Do we Catholics approach Lent with the same intentionality and seriousness?

As members of the Church, we are a pilgrim people who, as one prayer says, go about “mourning and weeping in this valley of tears.” Our journey through life takes us along hills and valleys; that is, through high points and low points. But pilgrims, given the difficulties of the trek, should travel light — without being encumbered with excess baggage. Lent, with its call to penance and repentance, is basically an invitation to lose the excess baggage of sin and vice.

The various practices of Lent — fasting, praying, mortifications and sacrifices — are not about punishing ourselves. Rather, by freeing us of the encumbrances of sin, they are about helping us to achieve the freedom that can help us practice at being our own best selves — to incline ourselves to do the right thing at the right time.  

Indifference to our neighbor and to God describes pretty much our world today, marked with an increasingly self-absorbed individualism. Our “throw away” culture has led to the “globalization of indifference.” The plights of refugees, the marginalization of immigrants, the loneliness of the elderly, the hopelessness seen in too many young people, the fracturing of the family are all part of a long litany of “woes” that a globalized indifference has created; and they lead to an equally long list of evils that the world “tolerates” — genocide, euthanasia, drug addiction, abortion, to name just a few.

Lent, however, assumes that we know the difference between right and wrong, between good and evil.

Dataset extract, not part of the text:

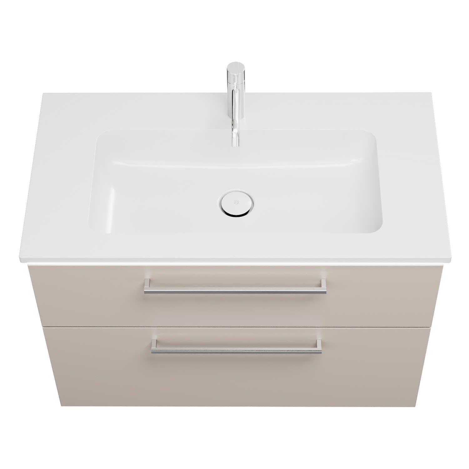 burgbad Eqio Waschtischkombination mit Mineralguss-Waschtisch und LED-Beleuchtung, 92 cm, mit Stangengriff P95

And so, Lent is not an invitation to engage in moral arguments or debates about why something is wrong or right; but rather, it is an invitation to look at ourselves with unflinching honesty during this special time of grace and in the light of the Gospel, to try to figure out why we choose wrongly, and learn what we must do to reverse course and choose rightly.  

Thus, Lent is a way of checking our spiritual GPS — to make sure that with all the twists and turns of our life’s journey we are still going in the right direction. Lent reminds us that the true purpose of life is not to seek our glory but God’s glory, and that is found not through self-assertion or self-seeking but through self-giving and self-sacrificing.

The Catechism of the Catholic Church speaks of the corporal and spiritual works of mercy — these works of mercy can help remind us that we are not only to avoid sin as followers of Jesus Christ; we are also to do good.

At any rate, the traditional practices of Lent — more intense prayer, sacrifices and mortifications, almsgiving and other acts of charity — are all about teaching us to say “NO” to ourselves so that, freed from the slavery to our desires, we can say “YES” to God and to our neighbor in need.

If our Muslim brothers and sisters can observe Ramadan intentionally and with appropriate seriousness of purpose, we Catholics should approach Lent with equal intentionality and seriousness of purpose.